Biden forms commission to study possibility of expanding Supreme Court

President Biden announced Friday that he’s forming a special commission to study the possibility of adding seats to the Supreme Court and placing term limits on justices — a move that drew praise from progressives and outrage from conservatives.

The commission, which Biden is establishing via executive authority, will comprise a bipartisan group of 36 legal scholars and former federal judges, according to a White House statement.

Co-chaired by New York University scholar Bob Bauer and former Deputy Assistant Attorney General Christina Rodriguez, the commission will be tasked with holding public hearings and crafting a report providing “analysis of the principal arguments” for and against Supreme Court reform, the White House said. The commission must complete the report within 180 days of its first public meeting.

“The topics it will examine include the genesis of the reform debate; the Court’s role in the Constitutional system; the length of service and turnover of justices on the Court; the membership and size of the Court; and the Court’s case selection, rules, and practices,” the White House said.

The Supreme Court currently has three liberal justices and six conservative-leaning ones, three of them appointed by former President Donald Trump.

People view the Supreme Court building from behind security fencing on Capitol Hill in Washington, D.C.
People view the Supreme Court building from behind security fencing on Capitol Hill in Washington, D.C.

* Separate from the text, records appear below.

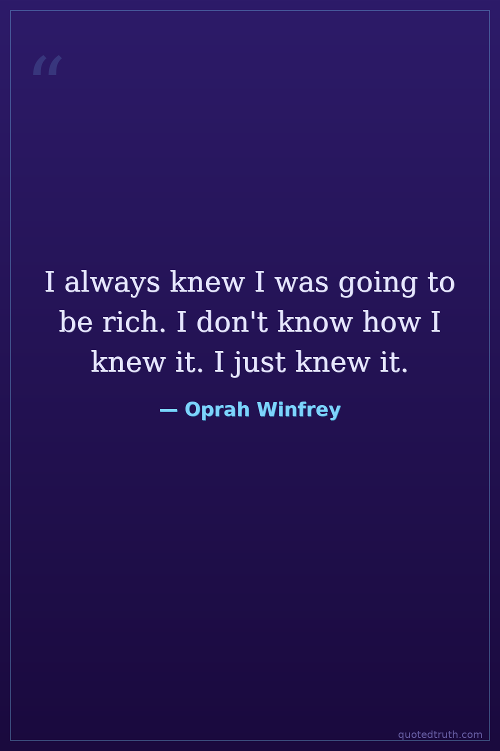 I always knew I was going to be rich. I don't know how I knew it. I just knew it.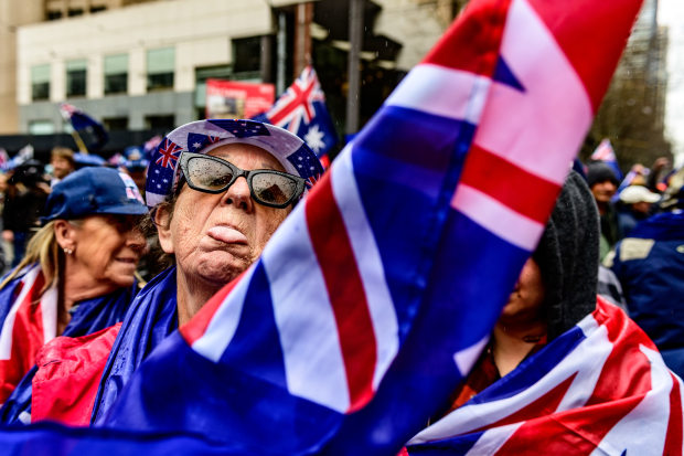 In the Melbourne rain a woman draped in Australian flags at the “March for Australia” pokes her tongue at the camera during a right-wing, anti-immigration rally. She reflects the mood on the street, hostile and aggressive. Protesters claimed to respect the flag, and wore it as hats and capes while shouting at and abusing passers-by and counter-protesters.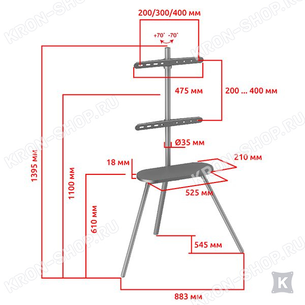 Максимальная нагрузка на стойку 40 кг. Наличие полки (максимальная нагрузка 15 кг) и кабель-канала.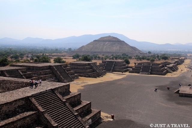Teotihuacan został zbudowany wzdłuż szerokiej „Alei Zmarłych”, która ciągnie się ponad 2 kilometry od Piramidy Księżyca aż do Cytadeli ze słynną Piramidą Quetzalcoatl. Zwiedzanie ruin miasta zaczynamy od Piramidy Słońca – trzeciej, co do wielkości piramidy na świecie. Pod piramidą znajduje się system tuneli i komór. To właśnie tutaj miał powstać świat. Na szczyt piramidy prowadzi 244 schodków. Przy zrównaniu nocy z dniem piramida przyciąga tysiące turystów, pragnących złapać szczególną dawkę energii. W tunelach piramidy badacze odkryli szkielety ludzkie, niektóre z nich to szczątki niemowląt. Przypuszcza się, że są to ofiary, które zostały złożone w ramach rytuału poświęcenia budowy. Rytualne ofiary z ludzi, to zjawisko powszechne wśród prekolumbijskich cywilizacji.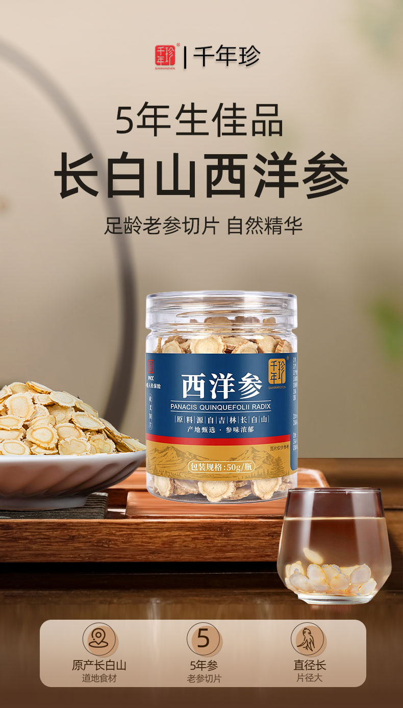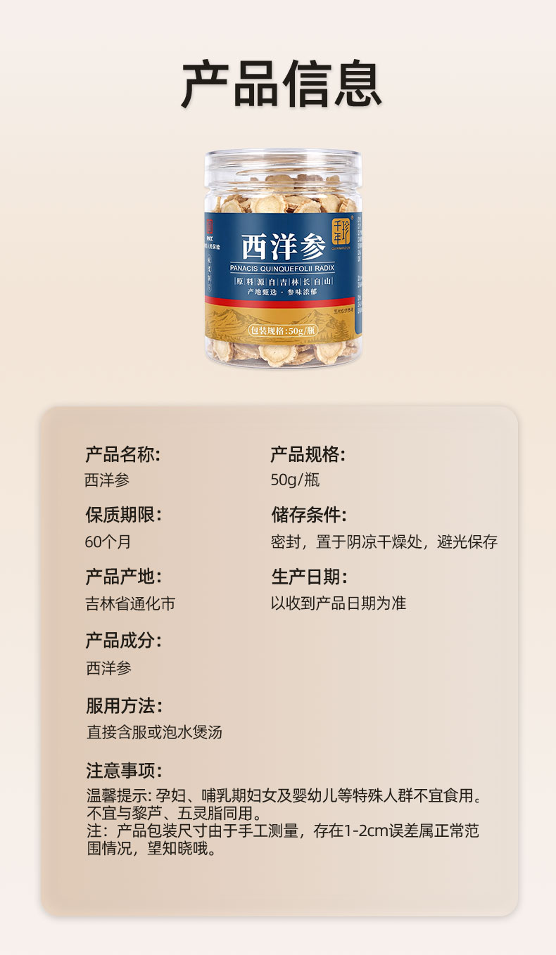 50g*4罐 西洋参片(0.8cm)送1瓶100g枸杞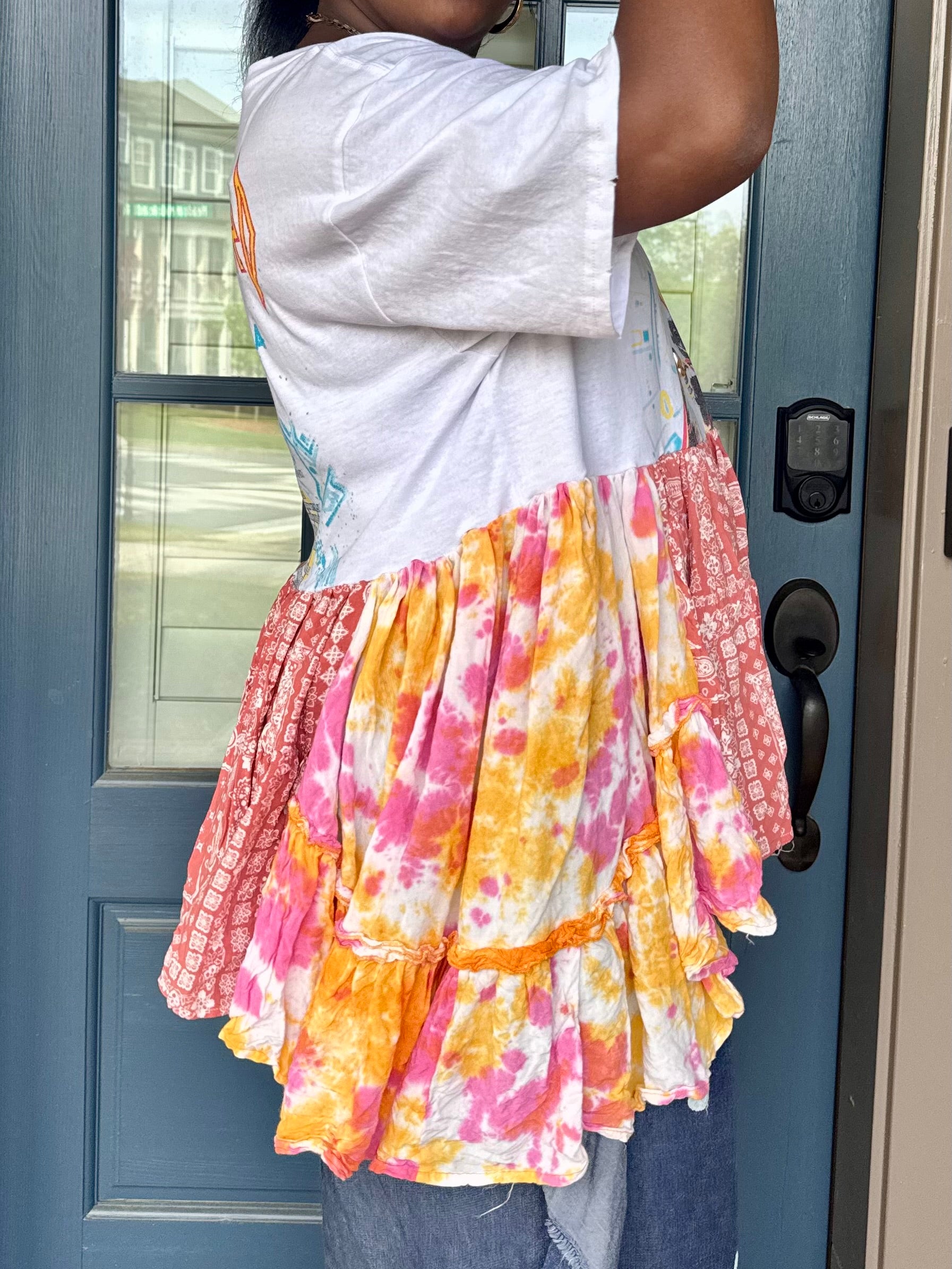 - All fabrics are hand arranged and cut into pieces to make a beautiful skirt.

People view the Supreme Court building from behind security fencing on Capitol Hill in Washington, D.C. (Patrick Semansky/)

Democrats — furious by then-Senate Majority Leader Mitch McConnell’s rush to seat Justice Amy Coney Barrett before last year’s presidential election after Justice Ruth Bader Ginsburg’s death — have pushed for evening out the political balance of the court by adding as many as four new seats to it.

Supreme Court reform would require congressional action, and the White House stressed that Biden isn’t making a recommendation one way or the other as to whether the Supreme Court should be expanded.

But progressive Democrats read between the lines of Biden’s announcement.

“President Biden has spoken clearly: The question is no longer if we will reform the Supreme Court, but how we will reform the Supreme Court,” said New York Rep. Mondaire Jones, a freshman Democrat on the House Judiciary Committee. “The answer to that question is equally clear: to restore our democracy, we must expand the Supreme Court. Anything less would leave the future of our nation, our planet, and our fundamental civil rights at the whim of a far-right supermajority that is hostile to democracy itself.”

Republicans, concerned about losing conservative influence, also interpreted Biden’s commission announcement as a foregone conclusion for expanding the top court.

“This is not some new, serious or sober pivot away from Democrats’ political attacks on the Court. It’s just an attempt to clothe those ongoing attacks in fake legitimacy,” said McConnell, now the Senate’s Republican minority leader. “It’s disappointing that anyone, liberal or conservative, would lend credence to this attack by participating in the commission.”

Despite the GOP pushback, the makeup of the Supreme Court has been reformed before, under both Republican and Democratic presidents.

In its inception, the top court only had six justices. Congress bumped that number to seven in 1807 before raising it again to nine in 1837. In 1863, Congress increased the number to 10 before shrinking it back to seven in 1866 before finally returning to nine in 1869, where it has stood since.

The Supreme Court has long been crucial in U.S. politics and governance.

But progressives say the court is especially important today, as it could eventually be asked to weigh in on Biden’s push for sweeping reform on a range of issues, such as gun rights, immigration, health care and climate change.